Tag Archives: Diane Deans

Ottawa Election Primer, the final 5

Ottawa Vote 2

In a final instalment in the series, the candidates in the last of the 23 wards will be profiled.  The final five wards are River, Gloucester-Southgate, Kitchissippi, Kanata South and Rideau-Rockcliffe.

 

 

River

Of the wards where a sitting councillor is seeking re-election, River Ward is where I think the likelihood of an incumbent not returning to City Hall will happen. Riley Brockington won the ward in 2014 with 36% of the vote in a field split by nine other candidates. This time around Riley faces only three challengers; Fabien Kalala, Kerrie Keith and Hassib Reda.  My comments aren’t because Brockington hasn’t worked in the community, indeed he has to make roads safer as he has been a loud voice to reduce speeds in front of schools.  My thoughts are due to the quality of candidates he is facing.

All three challengers bring good ideas to the campaign; Fabien, from viewing his priorities, is presenting a socio-economic platform; Hassib has a platform that addresses traditional municipal concerns plus adds banning single use plastics and re-pricing transit fares (to the point of making OC Transpo a money losing city operation).  Kerrie Keith has presented a couple of priorities in her blog. She cites (so far) safe streets and planning around the new Civic hospital site, however she also stresses her use of an electric car and being cycle commuter being reasons to vote for her. If I lived in River ward it wouldn’t convince me to vote for her.

River Ward will be an interesting race, the debates will be where the race will be won or lost so if you live in River Ward don’t miss a single one.

Gloucester-Southgate

All though it never rose above a rumour, Diane Deans’ look at the running for the Mayor’s chair never took place.  But like Tobi Nussbaum in Rideau-Rockcliffe, Deans has found her voice against the ‘what Jim Watson wants, Jim Watson gets’ city leadership and it might be enough to give her an 8thterm on City Council.
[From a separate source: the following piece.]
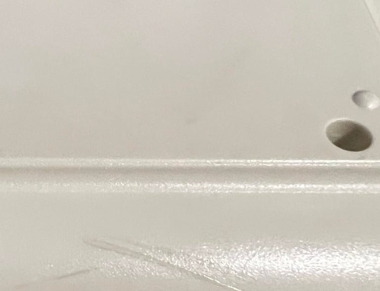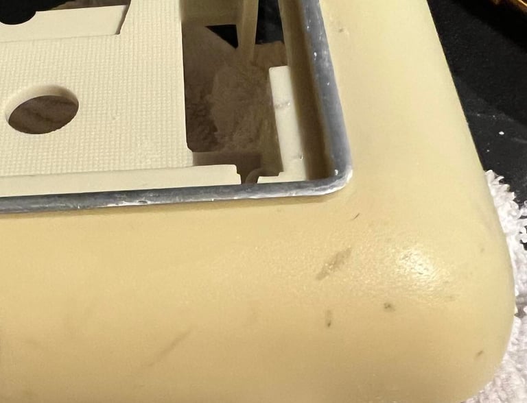 All plastic parts are cleaned thoroughly with mild soap water and a paint brush. After this initial cleaning there are still quite a few marks that needs special attention - see pictures below.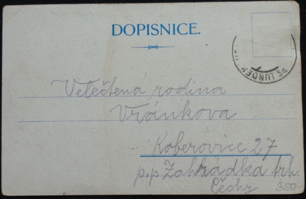 litografická koláž, náměstí, prošlá, stržená známka, dlouhá adresa, Q3 - odřená

Her four qualified opponents know just what they are up against. My hope is that Alek Golijanin, Sam Soucy, Robert Swaita and Perry Sabourin learn from this campaign because 2022 just might be the year Deans’ decides to run for Mayor.

Kitchissippi 

In a ward where the sitting Councillor has been bounced after one term for the past four elections, Jeff Leiper may have found the secret to re-election.  Be one with the community.  He faces one other candidate, Daniel Stringer who ran in previous elections but he poses no threat to Jeff Leiper. With a stronger candidate who would promise to battle developers, as Leiper did in 2014, Leiper might have faced the same fate as Katherine Hobbs and Christine Leadman before him.  Alas, Leiper will have four more years to truly battle developers.

Kanata South

If you look at the ward map for Kanata South the one thing that strikes you is just how residentially heavy the ward is. Allan Hubley has been councillor since 2010. and he easily won re-election in 2014.

Issues in Kanata South, are repeated by all four candidates; roads, infrastructure, Transit/LRT and policing.  There are nuances from each.  Hubley promises to continue to the positive change in parks, roads and infrastructure.  Doug Large preaches the 4 R’s; River, Roads, Recreation and Responsibility. Looking to be the ‘community’ candidate Steve Anderson promises to bring a BIA to Kanata South and empower community associations to have a bigger impact on the lives of Kanata South families.  The third challenger is Mike Brown and he is campaigning on better care for Kanata South roads and wants to see greater accountability at city hall for the spending of tax dollars.  Brown is the only candidate that seems to think that 2% tax increases are not viable and wants to review tax increases and evaluate how those tax dollars are allocated in the city budget.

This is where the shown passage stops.